AWS Security Hub is an AWS service that helps teams analyze and prioritize security issues from different products and tools more quickly. You can now send Fugue findings to your AWS Security Hub instance. Some use cases include:

  • Route security events from AWS Security Hub to SIEMs or log management tools.

  • Streamline audits by layering in evidence from Fugue with other insights from AWS security tools.

Architecture

Fugue is a SaaS application that sends findings from a Fugue AWS account to a customer’s AWS Security Hub regional endpoint. Fugue utilizes an Amazon CloudWatch scheduled event (on a 5 minute interval) to trigger an AWS Lambda function to ingest new Fugue findings from an internal API, and then enqueues Fugue findings to Amazon SQS. Amazon SQS then triggers another AWS Lambda function which translates Fugue findings into the AWS Security Finding Format (ASFF), sends appropriately formatted findings to customer AWS Security Hub regional endpoints, and updates a RDS database with the successful findings.

_images/integrations-aws-security-hub-architecture.png

Integration Steps

  1. If your AWS account is managed by AWS Organizations, your administrator may have already configured a Security Hub administrator account and member accounts - which means that Security Hub may already be enabled. You can verify this by navigating to the Security Hub console, and seeing if you can set up Security Hub for a given region.

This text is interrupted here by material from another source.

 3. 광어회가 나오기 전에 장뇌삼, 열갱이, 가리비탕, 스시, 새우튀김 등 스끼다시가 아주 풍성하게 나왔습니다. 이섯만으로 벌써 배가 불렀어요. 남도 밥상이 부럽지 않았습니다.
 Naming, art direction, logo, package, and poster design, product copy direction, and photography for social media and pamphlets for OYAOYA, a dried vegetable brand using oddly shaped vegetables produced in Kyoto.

  2. If you need to set up AWS Security Hub manually, please follow these instructions from AWS. Please make a note of the region(s) that Security Hub is configured in.

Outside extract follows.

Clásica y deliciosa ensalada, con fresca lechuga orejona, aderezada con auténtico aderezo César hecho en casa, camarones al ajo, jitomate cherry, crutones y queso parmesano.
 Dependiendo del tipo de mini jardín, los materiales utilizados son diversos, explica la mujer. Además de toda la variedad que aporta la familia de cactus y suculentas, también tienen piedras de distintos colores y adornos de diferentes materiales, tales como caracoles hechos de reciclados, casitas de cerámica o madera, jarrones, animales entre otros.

  3. In the AWS console, navigate to the Security Hub service in the correct region, and select Integrations.

  4. Search for Fugue, and select Accept findings.

_images/integrations-aws-security-hub.png

5. Reach out to Fugue support, and inform the team that you would like Fugue to send findings to your AWS Security Hub instance. Please be prepared to provide Fugue with the following:

  • Your Tenant ID

  • The region(s) in which you configured AWS Security Hub

Integration Considerations

  • Fugue batches sending findings to AWS Security Hub in 5 minute intervals, so you should expect some delay between Fugue identifying a potential misconfiguration, and you seeing a finding in Security Hub.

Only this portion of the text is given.